Data Mining Orange program
The purpose of this project is to familiarize you with the process of data mining using a modern
programming toolkit to apply numerous data mining strategies.
This project uses Orange, a suite of data mining tools interfaced via C++, Python or through GUI
This project will require you to do five things:
1. Read and briefly summarize all documents on the reading list.
• Summarize the following
• What is data mining
• Orange as a Data mining tool
• Basic Data Manipulation and Preparation
• Data modeling
• Evaluation of model performance
2. Using the tutorial and documentation examples as a guide, complete your own data mining
process against a dataset of your choosing.

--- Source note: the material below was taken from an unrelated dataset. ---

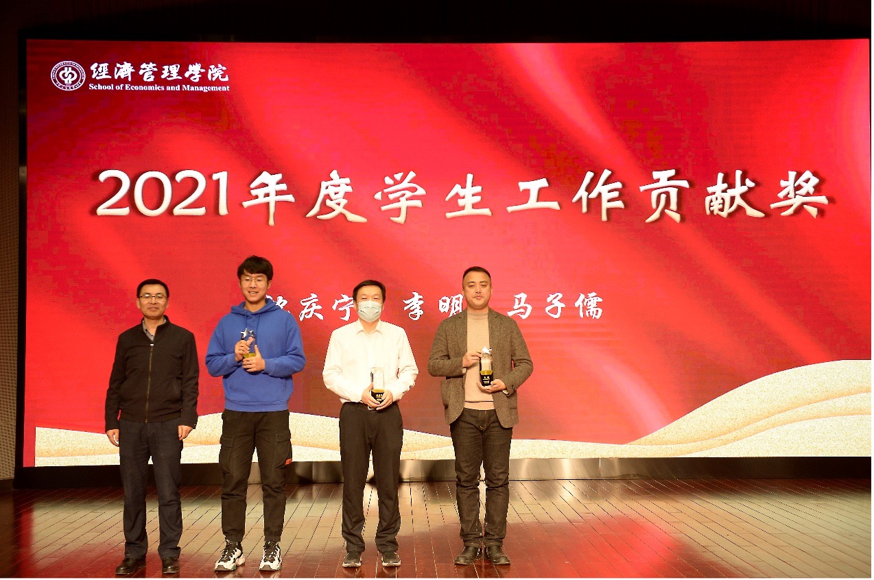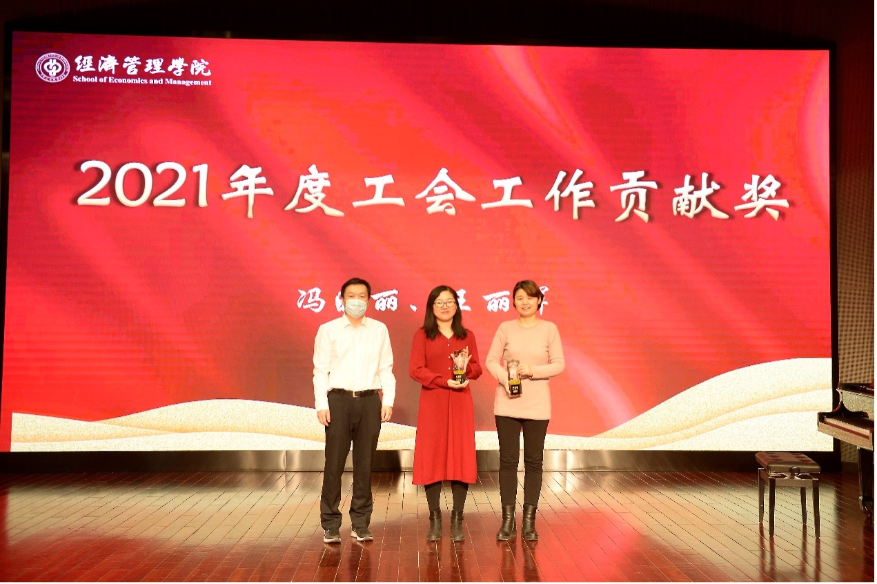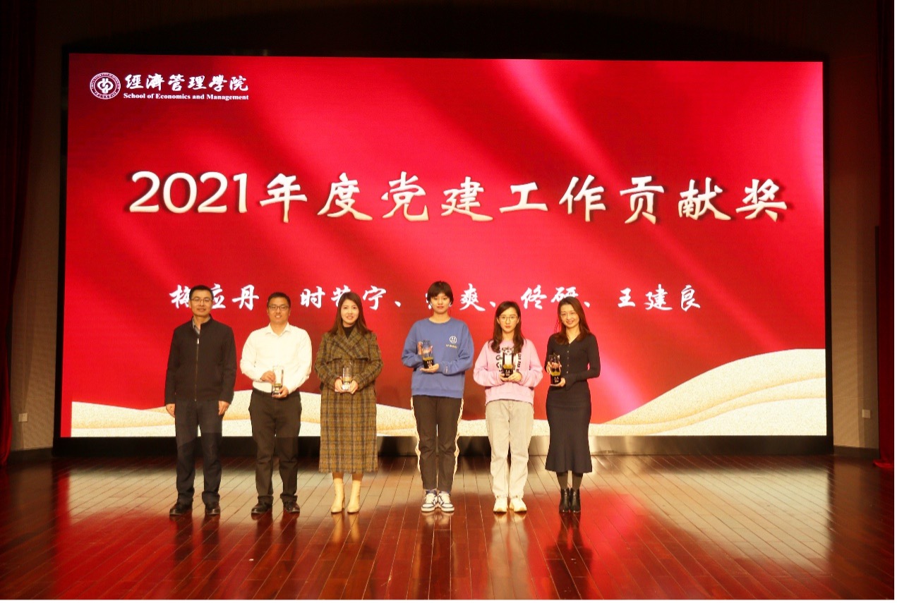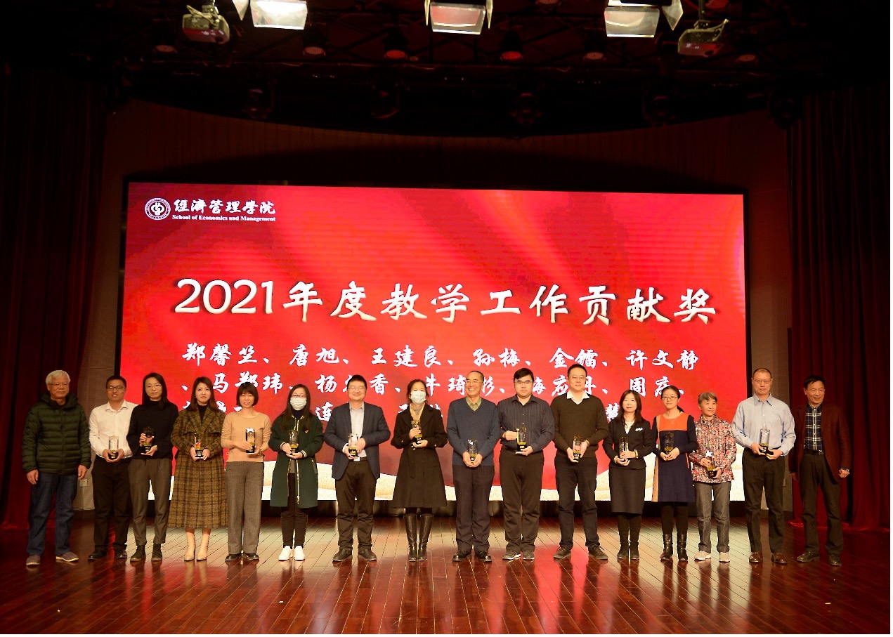 朱义清宣读了关于表彰2021年度经济管理学院各项工作突出贡献奖和贡献奖获得者的决定,对在党建、科研、教学、人才、公共服务、学生工作、工会工作等作出突出贡献和在院内教学比赛中获奖的老师进行表彰并颁发了奖杯和证书,激励全院教职工以先进为榜样,积极进取,开拓创新。

Your Own Data Mining Process
After you’ve completed step 1 above, you should have a good understanding of what tools are
available to you in Orange. Now it’s time to try some of these approaches on a dataset of your
own choosing. For this part of the project, you must:
• Choose and explore a dataset. You can use any of the ones provided in orange or import
your own dataset.
• Select at least 3 data mining strategies and apply them to the dataset.
• Describe your intent, approach and results.
• Lastly, did you discover anything meaningful or surprising? If so, document your
findings. If not, describe what you might do next to refine your process or choose
different/improved mining strategies.
Your data mining process doesn’t have to be perfect, or even yield incredibly interesting results;
the important thing is the process. So don’t be afraid to try something fun even if it may not
yield amazing results.
3. Submit complete documentation of items 1 and 2 above.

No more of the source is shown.